‘Wie liet die scheet?’
‘Ik ben de groene Ninja.’
‘Nee dat ben ik al, jij kan de rode Ninja wel zijn.’
Op de achterbank van de auto zitten Bastiaan zijn drie beste vriendjes. De jarige zit naast me en is druk bezig met het opzoeken van een goede radiozender. We zijn op weg naar het zwembad om Bastiaan zijn achtste verjaardag te vieren. De auto met de ‘meiden’ rijdt voor ons als de mannen een nieuw onderwerp in de vorm van superkrachten aansnijden.
‘Ik kan denk ik wel 100 keer het hele universum optillen.’

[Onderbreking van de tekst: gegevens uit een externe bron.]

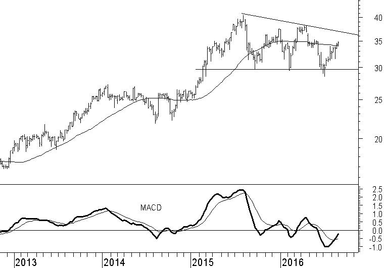 TKH bevindt zich op dit moment in niemandsland. Zowel aan de boven- als de onderkant weerhoudt een duidelijke grens het aandeel van een trendmatige beweging. In de weekgrafiek is duidelijk te zien dat de ondergrens wordt gemarkeerd door het steunniveau rond €30. Al meerdere keren in het laatste jaar hebben beleggers dit koersniveau aangegrepen om aandelen TKH te kopen. Dit collectieve beleggersgedrag schept steun- en weerstandsniveau’s. Na een opleving vanaf het €30-niveau is het aandeel onlangs boven de gemiddeldelijn gebroken. Hierdoor ontstaat enig opwaarts potentieel. Echter, dit potentieel is beperkt tot het niveau van de dalende weerstandslijn, dat momenteel uitkomt rond €37. Voorlopig zien wij dan ook geen koerstrend die voor langere tijd kan aanhouden.
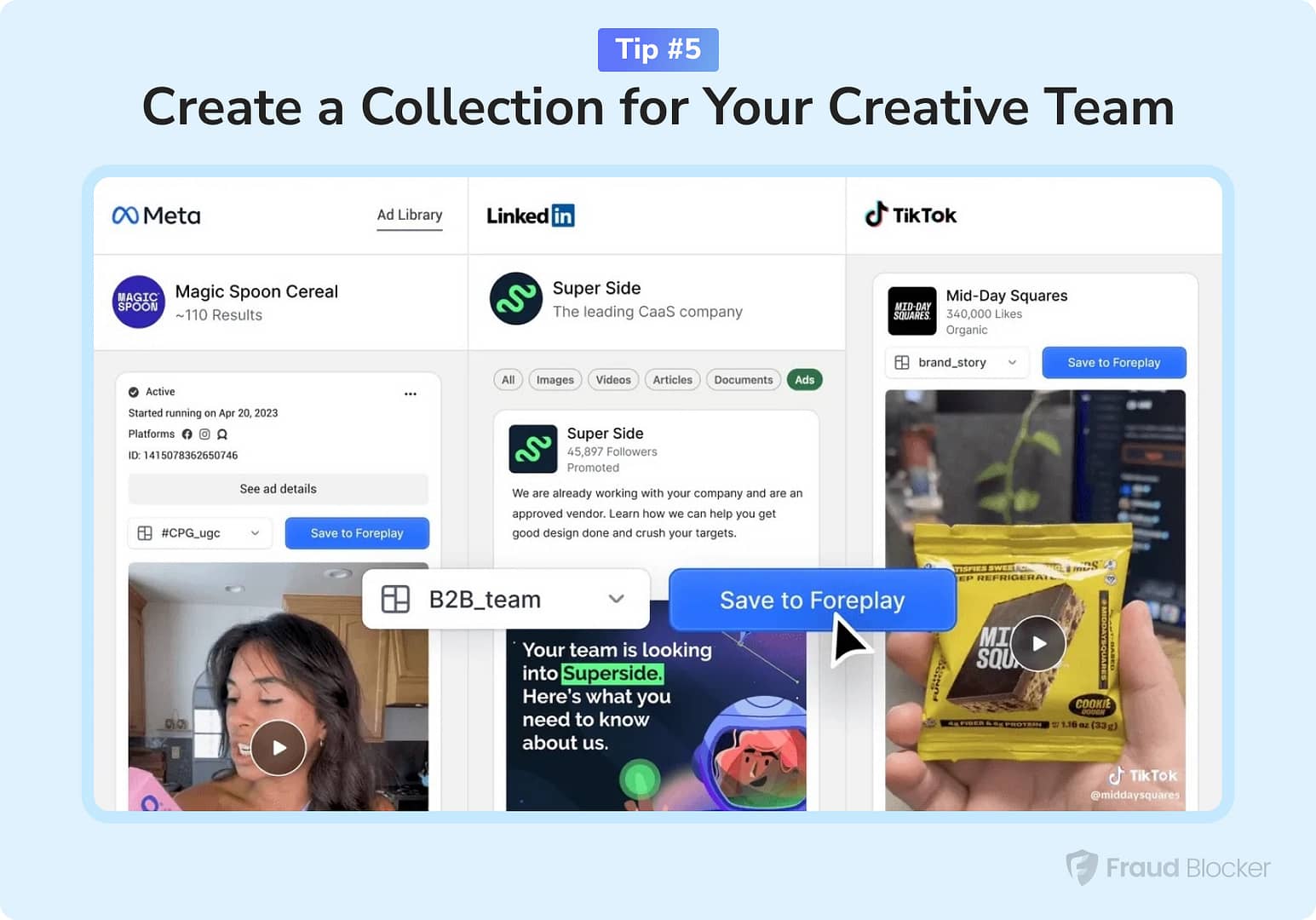 Tools like Foreplay and Magic Brief let you save and organize ads directly from the Facebook Ads Library so your team can reference them during brainstorming. They also make it easier to save ideas for future reference.
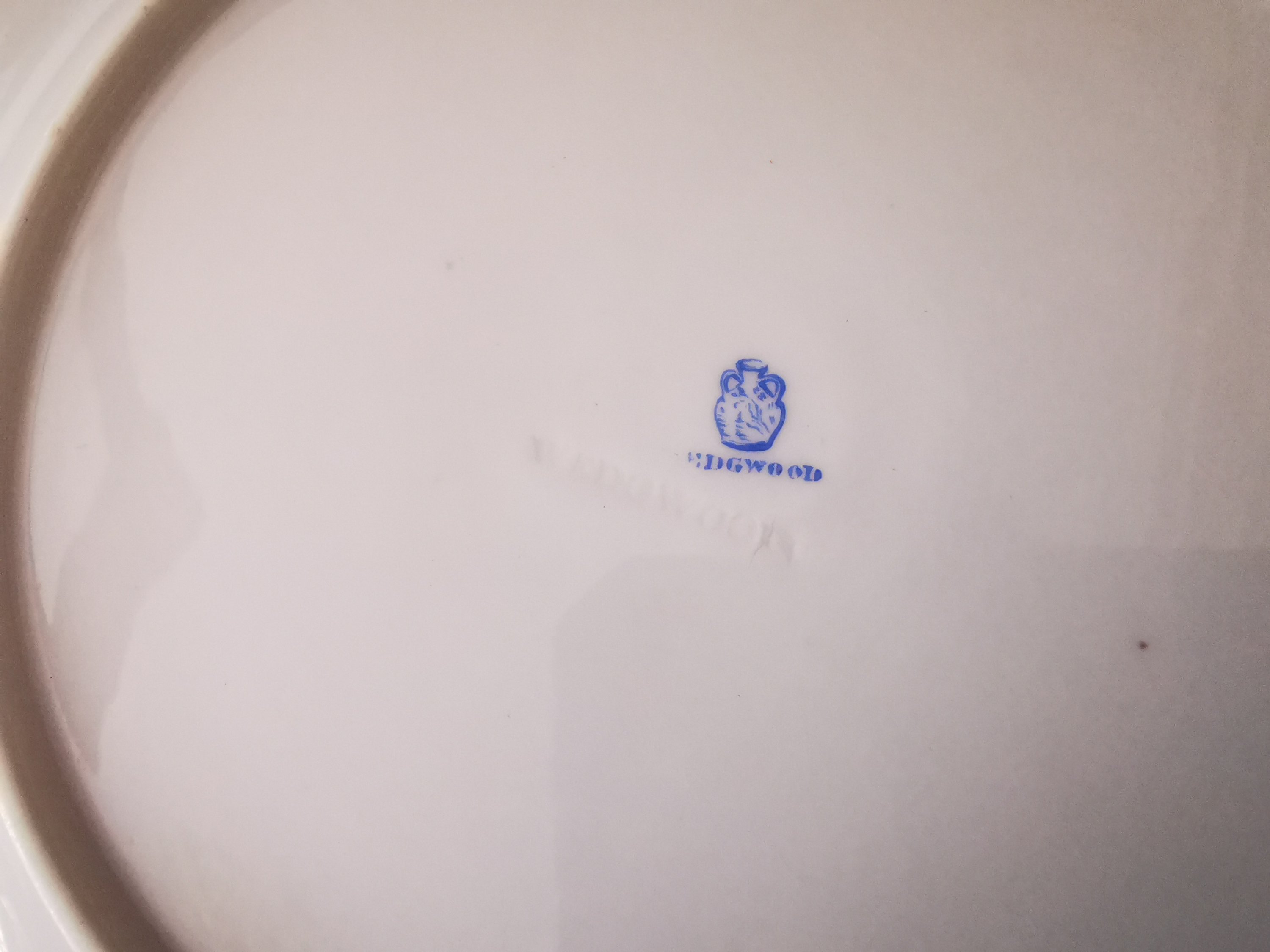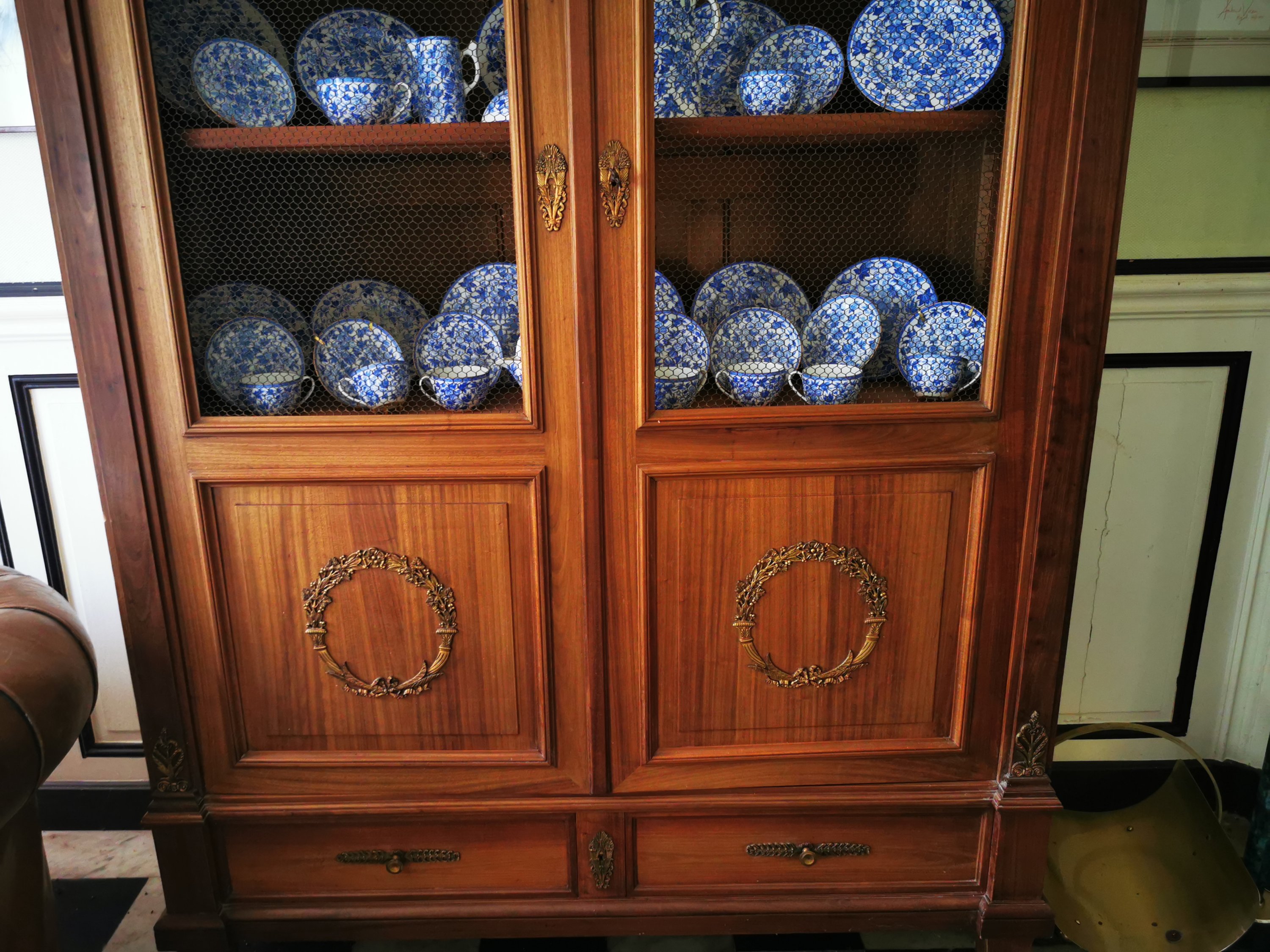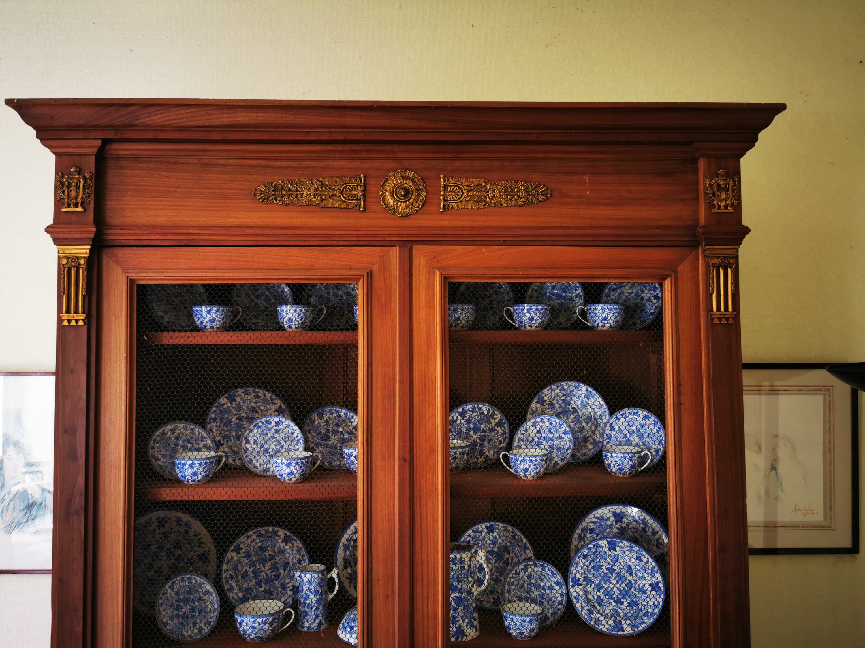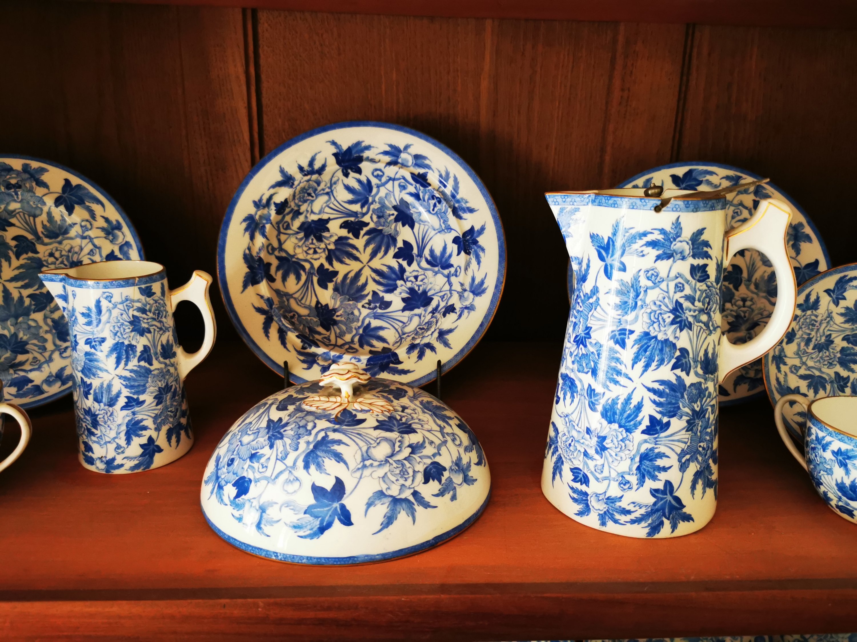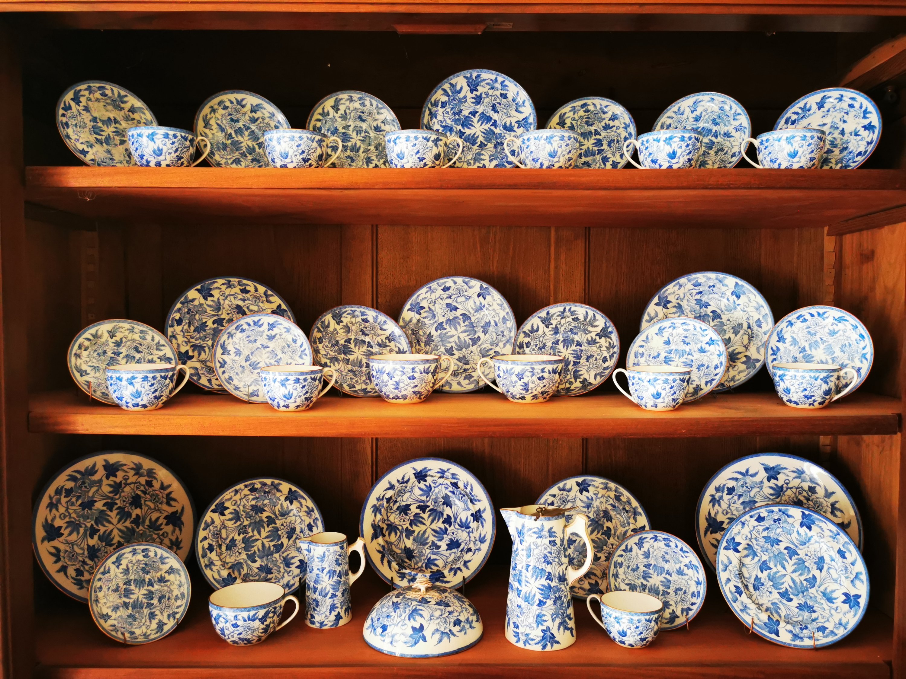 partie de service en faïence à décor bleu végétal rehaussé d'or.

‘Ik wel een miljoen keer!’
‘Wie liet er nu weer een scheet?’
Na het zwemmen heb ik de meidenauto. Ondanks dat ze moe zijn van meer dan twee uur zwemmen is de felheid er nog niet af.
‘Jij volgt alleen maar knappe mensen op musical.ly.’
‘Jij kent musical.ly alleen maar door mij.’
‘Zij is misschien niet zo knap van buiten maar wel van binnen.’
‘Ik ga een shop-feestje voor mijn verjaardag geven.’
‘Ik wou dat ik mijn iPad bij me had.’
‘Jij zit alleen maar op je iPad en als je bij komt spelen vraag je altijd eerst wat we gaan doen.’
Ik had te doen met de arme jongens in de auto achter me. Er zat nu al een wereld van verschil tussen hen en de meiden. Niet eens een hele wereld maar een heel universum. Eentje die de jongens zelfs met zijn vijven nooit opgetild krijgen. Superkrachten of niet.